• [RECORDS FOR THIS TASK]
--- START ---

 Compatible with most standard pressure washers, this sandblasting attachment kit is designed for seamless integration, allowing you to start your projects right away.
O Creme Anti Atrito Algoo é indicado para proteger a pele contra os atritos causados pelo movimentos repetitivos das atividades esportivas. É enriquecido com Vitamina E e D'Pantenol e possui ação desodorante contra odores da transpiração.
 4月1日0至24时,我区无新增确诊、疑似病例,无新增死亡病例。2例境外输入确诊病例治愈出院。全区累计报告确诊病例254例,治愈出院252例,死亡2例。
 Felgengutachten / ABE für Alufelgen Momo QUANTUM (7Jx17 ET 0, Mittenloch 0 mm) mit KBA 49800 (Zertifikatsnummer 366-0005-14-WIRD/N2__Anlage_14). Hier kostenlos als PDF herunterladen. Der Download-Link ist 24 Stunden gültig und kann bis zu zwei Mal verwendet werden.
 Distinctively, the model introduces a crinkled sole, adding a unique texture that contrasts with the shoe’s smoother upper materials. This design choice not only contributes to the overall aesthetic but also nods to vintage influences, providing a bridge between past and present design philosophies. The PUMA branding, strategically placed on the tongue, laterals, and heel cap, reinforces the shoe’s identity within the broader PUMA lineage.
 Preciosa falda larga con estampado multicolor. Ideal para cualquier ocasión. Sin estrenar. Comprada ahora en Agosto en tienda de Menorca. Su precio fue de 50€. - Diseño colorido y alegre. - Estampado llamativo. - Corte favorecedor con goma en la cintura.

--- END ---
--- START ---

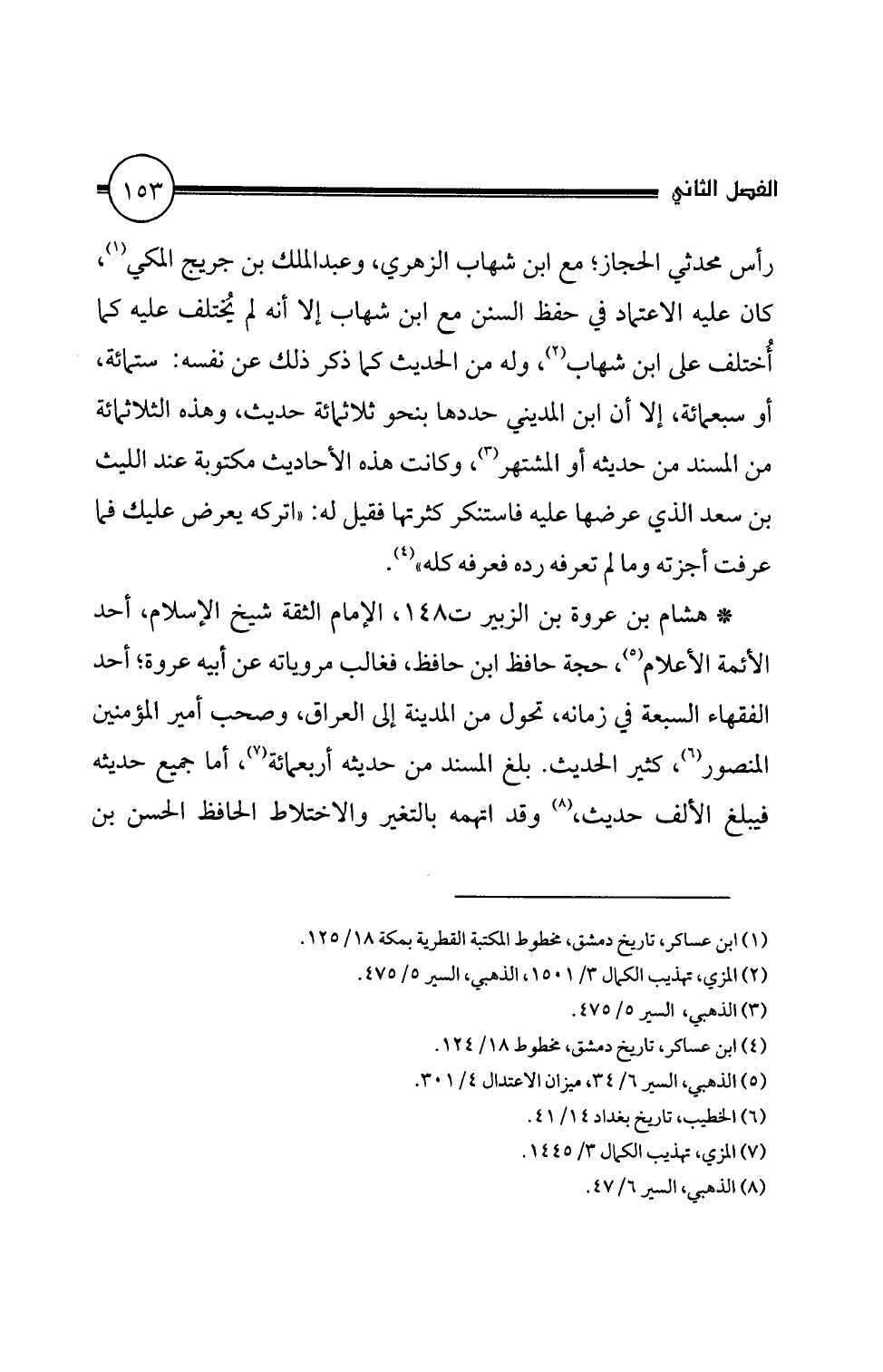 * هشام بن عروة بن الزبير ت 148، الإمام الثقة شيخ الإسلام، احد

--- END ---
--- START ---

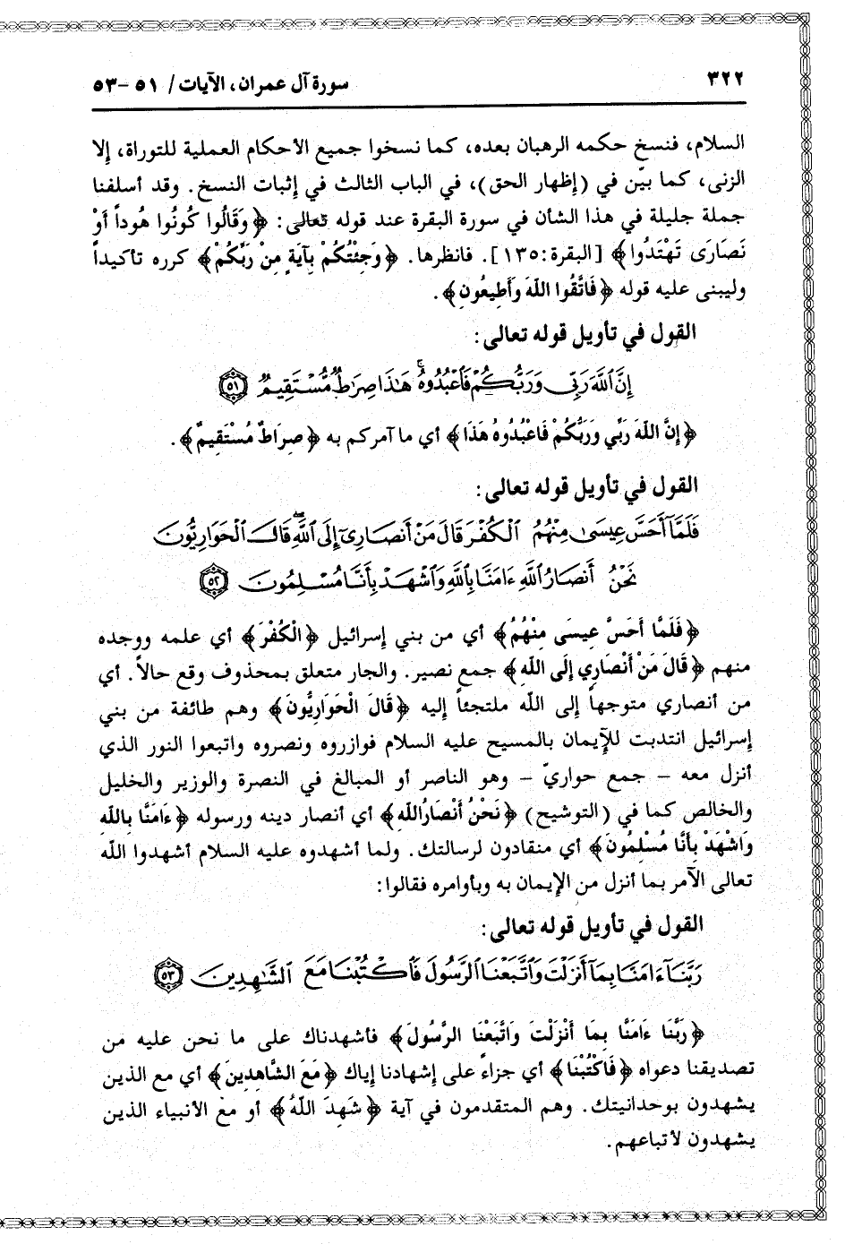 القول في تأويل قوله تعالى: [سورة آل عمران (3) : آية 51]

--- END ---

• [THE PROBLEM] Take the stretch of lines above from the one containing "Felgengutachten / ABE" through the one containing "Preciosa falda larga" and repeat it exactly, adding no other line.

• [WRITTEN ANSWER]
 Felgengutachten / ABE für Alufelgen Momo QUANTUM (7Jx17 ET 0, Mittenloch 0 mm) mit KBA 49800 (Zertifikatsnummer 366-0005-14-WIRD/N2__Anlage_14). Hier kostenlos als PDF herunterladen. Der Download-Link ist 24 Stunden gültig und kann bis zu zwei Mal verwendet werden.
 Distinctively, the model introduces a crinkled sole, adding a unique texture that contrasts with the shoe’s smoother upper materials. This design choice not only contributes to the overall aesthetic but also nods to vintage influences, providing a bridge between past and present design philosophies. The PUMA branding, strategically placed on the tongue, laterals, and heel cap, reinforces the shoe’s identity within the broader PUMA lineage.
 Preciosa falda larga con estampado multicolor. Ideal para cualquier ocasión. Sin estrenar. Comprada ahora en Agosto en tienda de Menorca. Su precio fue de 50€. - Diseño colorido y alegre. - Estampado llamativo. - Corte favorecedor con goma en la cintura.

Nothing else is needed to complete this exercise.